I work full time, 12 hour swing shifts. I am always being called to come in to cover this or that for work since we are severely understaffed. My children never seem to know which end is up. The never know if I am going to work or coming home. It is really frustrating.
I make rules, and I hope they are enforced.....the only enforcer is the 15yr old son. While he likes to believe he is the king, frankly, the other kids really do not show him a lot of respect.....he doesn't really earn it. I put out lists of chores, but without someone there to keep my Attention Deficit Disorder brood on task, the chores often go undone, to be left for Mom to complete on her very rare days off. Bringing me to another issue, my days off. I am usually so exhausted that it takes a day or two to even have enough energy to consider doing any house work, then I have to go back to work again.
This brings me to today. I worked last night, just as I am tonight. I got home and basically crawled into bed.

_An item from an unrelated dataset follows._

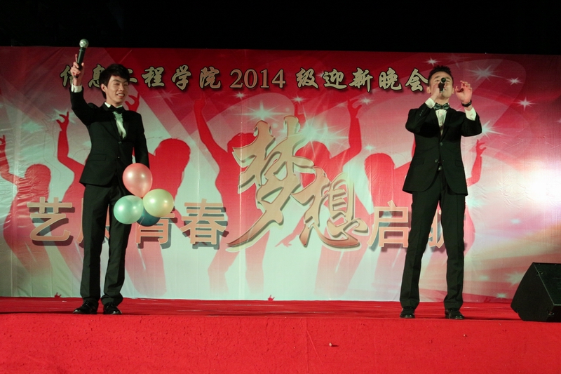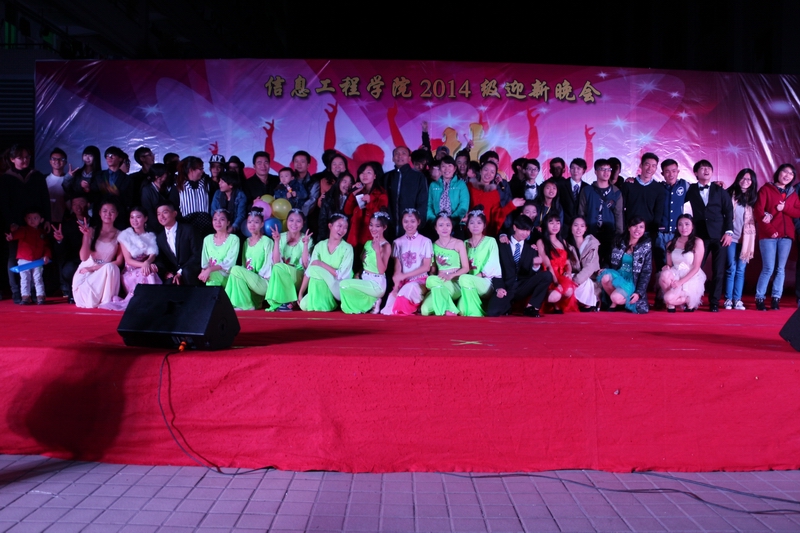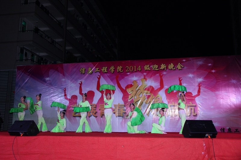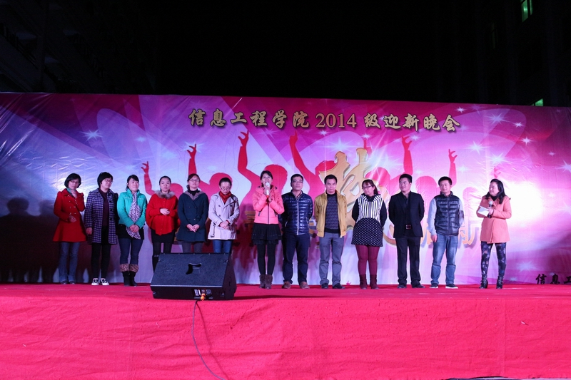 2014年12月4日晚19:00,信息工程学院"艺展青春,梦想起航"2014级迎新晚会在学校办公楼前广场隆重举行,莅临本次晚会的领导和嘉宾有信息工程学院利业鞑院长,党总支刘松梅书记、肖贵灯副书记,管理工程学院王江丽老师,金融投资学院卢宇帅老师,信息工程学院全体辅导员,2014级全体班主任,以及各兄弟学院团总支、学生会代表齐集一堂,共同观看了一场丰富的视听盛宴。

I woke up at about 4pm and called to my daughter and my son to come to my room. (I am a princess, you all know, and I beckoned my minions to my chambers). I asked my daughter to please make me a cup of Earl Grey tea and asked my son if he could possibly make me some chicken noodle soup and a grilled cheese sandwich. I was tired still and just wanted to relax before having to get up for work. About one hour later, I was still tea, soup and sandwichless. Not to mention a little miffed. So, at the urging of a friend, I decided to lay down the law. I called them all to my room. Pointed out the time frame and the small favour I had asked. I was on a roll. I then added that I work the long hours to pay for the house, food, clothes, video games, stereos, etc that they all enjoy. I layed down some pretty heavy guilt. It wasn't long and I had tea, soup and two sandwiches brought to my bed for me to enjoy before heading off to the shower before work.
Now, I wonder what will happen today when I wake up from my nap. All I want is a cup of tea when I wake up from my sleep. I ask for the same thing, every time.....you would think that they could remember and anticipate my desire and my need. It certainly isn't rocket science.